Only the lines from the one with "las preguntas ..." through the last line of the data below are to be duplicated, exactly and without pictures.

[Opening DATA FOR THIS TASK section]

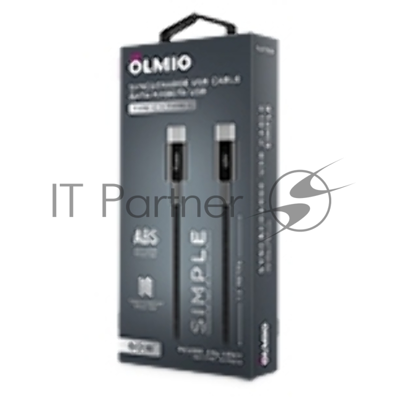 Кабель SIMPLE, Type-C - Type-C, 60W 3A, 1.2м, тканевая оплетка, черный, OLMIO
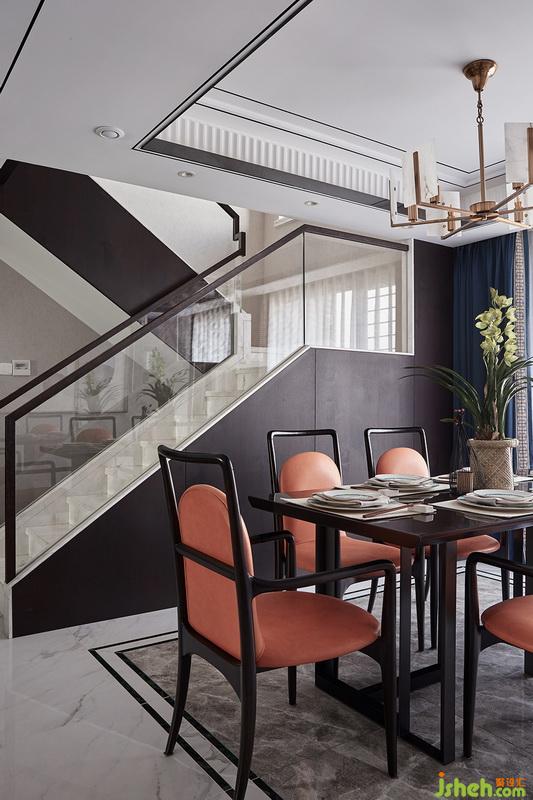 ▲垂落的白沙搭配晶透玻璃扶手,如同演繹雨滴般花語江南、突然提亮的橙色圈椅,仿佛南柯一夢(mèng),時(shí)間被靜止,舒服且愜意~
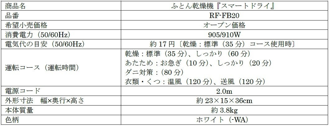 ふとん乾燥機『スマートドライ』 | RF-UA10 | オープン価格 | 2023年9月1日 |
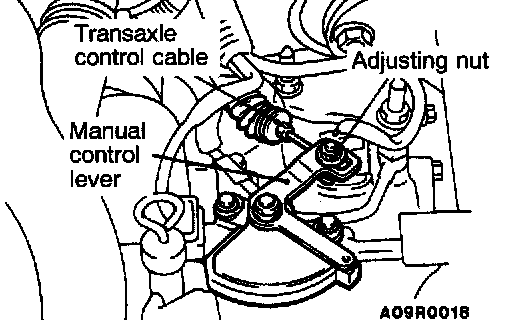 6. Gently pull the transaxle control cable in the direction of the arrow, and then tighten the adjusting nut.
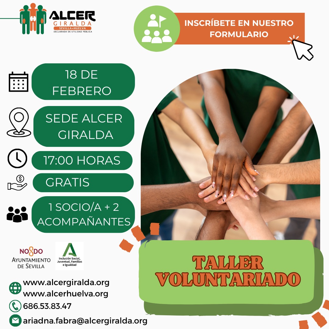 ¿Eres voluntario o voluntaria de ALCER? ¿Te gustaría serlo? ¿No conoces que hacen los voluntarios/as de ALCER? Vente a este taller. Tomaremos café juntos/as, y te responderemos todas las preguntas ...
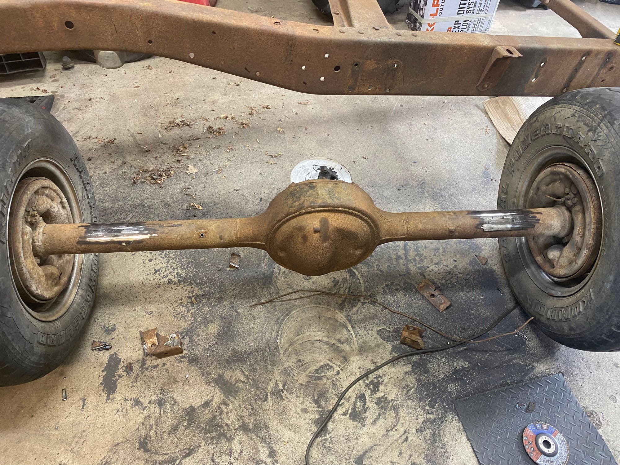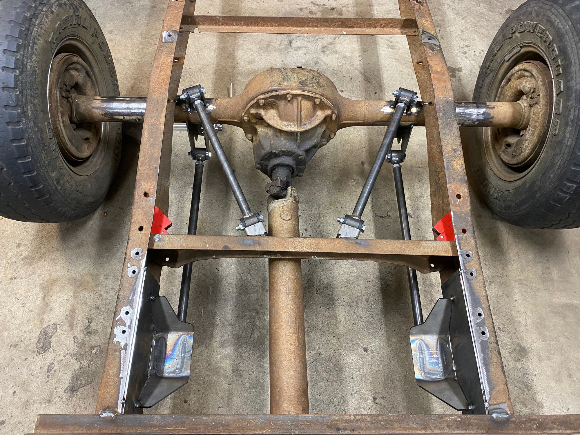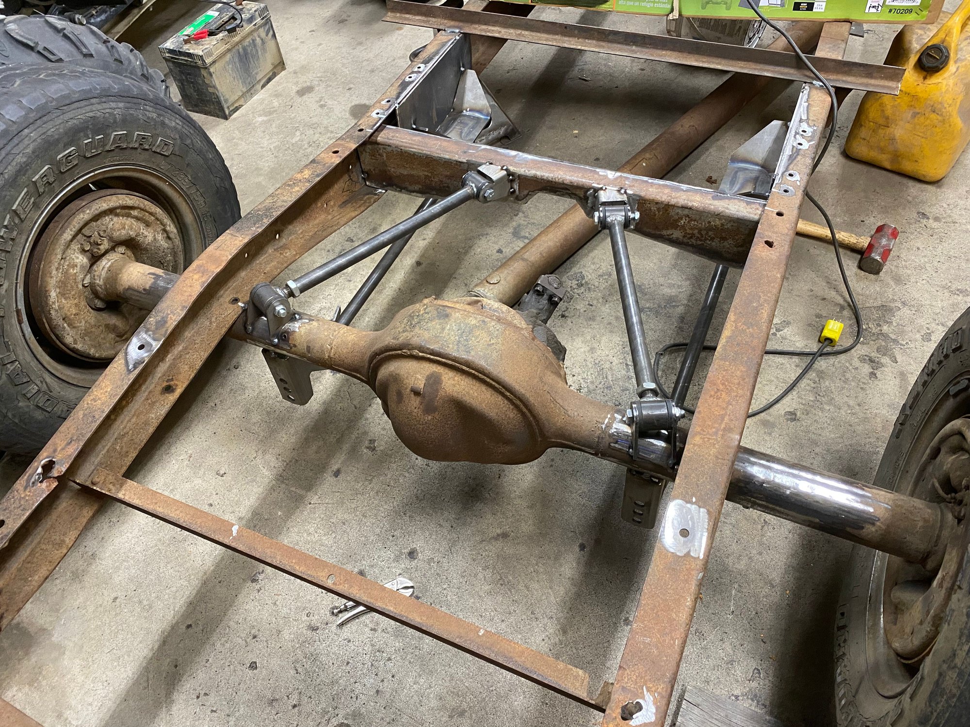 started on the rear. Got the axle all cleaned up and ready for new brackets. And tacked in the lower 4 link bars.
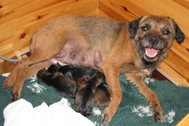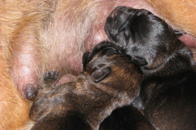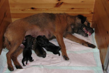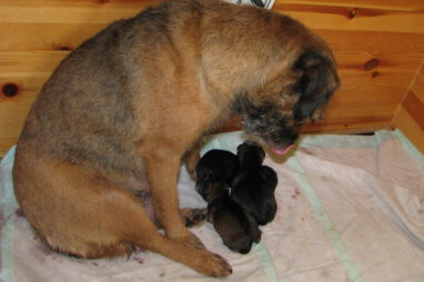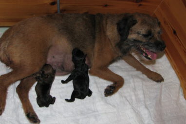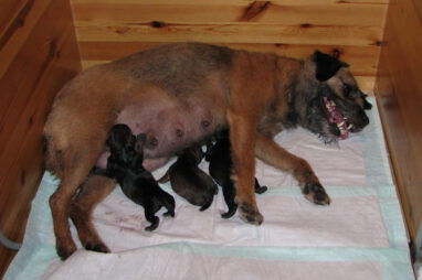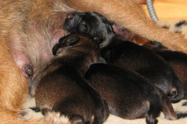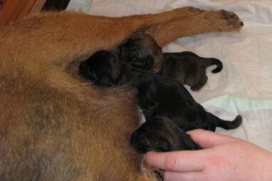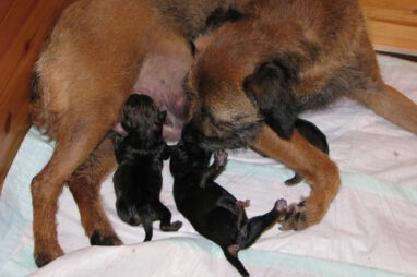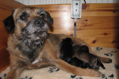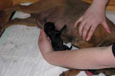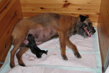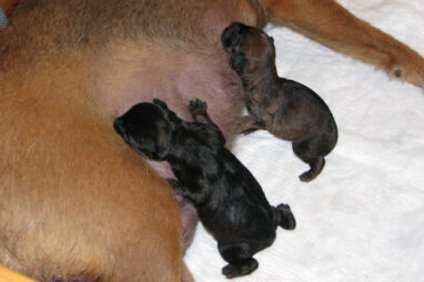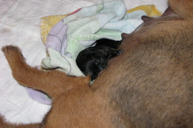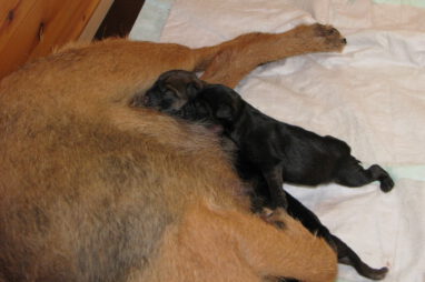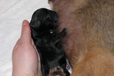 De eerste pup wordt om 8.25 uur geboren, een teefje van 235 gram. Fudge reageert er heel goed op, bijt zelf de navelstreng door en 5 minuten later ligt de pup al heerlijk te drinken. De tweede pup komt om 9.00 uur, een teefje van 170 gram. Ook deze pup drinkt gelijk.

[Closing DATA FOR THIS TASK section]

**OUTPUT OF THE EXERCISE**
 ¿Eres voluntario o voluntaria de ALCER? ¿Te gustaría serlo? ¿No conoces que hacen los voluntarios/as de ALCER? Vente a este taller. Tomaremos café juntos/as, y te responderemos todas las preguntas ...
 started on the rear. Got the axle all cleaned up and ready for new brackets. And tacked in the lower 4 link bars.
 De eerste pup wordt om 8.25 uur geboren, een teefje van 235 gram. Fudge reageert er heel goed op, bijt zelf de navelstreng door en 5 minuten later ligt de pup al heerlijk te drinken. De tweede pup komt om 9.00 uur, een teefje van 170 gram. Ook deze pup drinkt gelijk.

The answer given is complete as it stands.